I know that it equals

$\displaystyle \frac{\pi^2}{2 \sqrt{2} } + \frac{\pi}{\sqrt{2}} \ln \left( \frac{2+\sqrt{2-\sqrt{2}} }{2-\sqrt{2-\sqrt{2}}}\right) \tag*{} $

But I can't seem to find a way to prove it.

After substituting $x=t^4$ , the integral is transformed to

$ \displaystyle I= 4\int_{0}^{\infty} \frac{t^2 \arctan(t^4) }{1+t^4} \mathrm{d}t \tag*{} $

After this I tried differentiating under the integral, but the resulting integrand is very complicated, and I couldn't make much progress futher on.

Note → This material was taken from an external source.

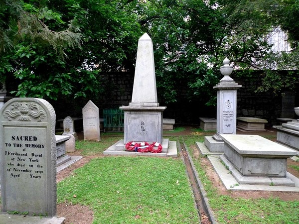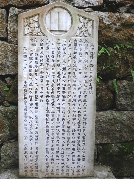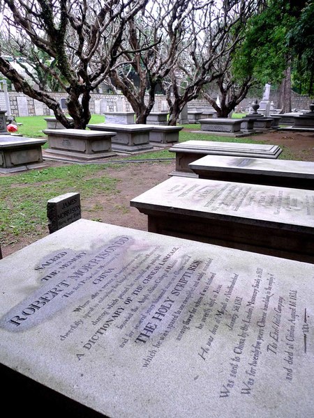 馬禮遜(西元1782-1834年)是第一位來華的新教傳教士,編輯了第一本英漢字典,也是第一個把聖經譯成中文的人,旁邊躺著的就是他的妻子。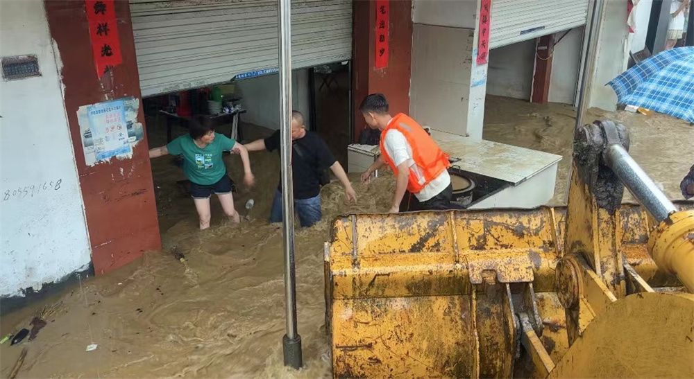 6月20日,安徽省黄山市屯溪区在转移被困民众。(图片来源:屯溪区融媒体中心供中新社)

I'm not too familiar with contour integration, maybe that can help here?

Answer 1

More generally, let $R(x)$ be a rational function without out poles on $\mathbb{R}$, $R(x) = O(1/x^2),x\to\infty$. Let us do $$I= \int_{-\infty}^{\infty} R(x)\arctan(x^4) dx$$ OP's question corresponds to $R(x) = x^2/(1+x^4)$. Write $\zeta = e^{\pi i /8}$, then $$\begin{aligned} I &= \frac{i}{2}\int_{-\infty}^\infty R(x)[\log(1-ix^4)-\log(1+ix^4)] dx \\ &= \frac{i}{2}\sum_{r=0}^3 \int_{-\infty}^\infty R(x)[\log(1-\zeta^{4r+1} x)-\log(1-\zeta^{4r+3} x)] \end{aligned}$$ So we are left with integral of form $J(k) = \int_{-\infty}^\infty R(x) \log(1-\zeta^k x)dx$, with $k\nmid 8$. Using the conventional branch cut of $\log$ at negative axis, integrand of $J(k)$ has a branch cut at $\{u \zeta^{-k} | u>1\} \subset \mathbb{C}$, which is disjoint to $\mathbb{R}$ if $k\nmid 8$. Therefore when $k=1,..,7$, there is no branch cut of integrand on upper half-plane, and for $k=9,...,15$, there are no branch cut of integrand on lower half-plane. Hence $$\tag{*}J(k) = \begin{cases} 2\pi i \sum_{\substack{\Im(z_j)>0 \\ z_j \text{ poles of }R}} \text{Res}\left[R(z)\log(1-\zeta^k z),z=z_j\right] & k =1,\cdots,7\\ \\ -2\pi i \sum_{\substack{\Im(z_j)<0 \\ z_j \text{ poles of }R}} \text{Res}\left[R(z)\log(1-\zeta^k z),z=z_j\right] & k =9,\cdots,15\end{cases}$$ since $$I = \frac{i}{2}(J(1)+J(5)+J(9)+J(13)-J(3)-J(7)-J(11)-J(15))$$ each term can be found by taking residues on upper or lower half plane according to $(*)$, this is the formula on calculating $R$.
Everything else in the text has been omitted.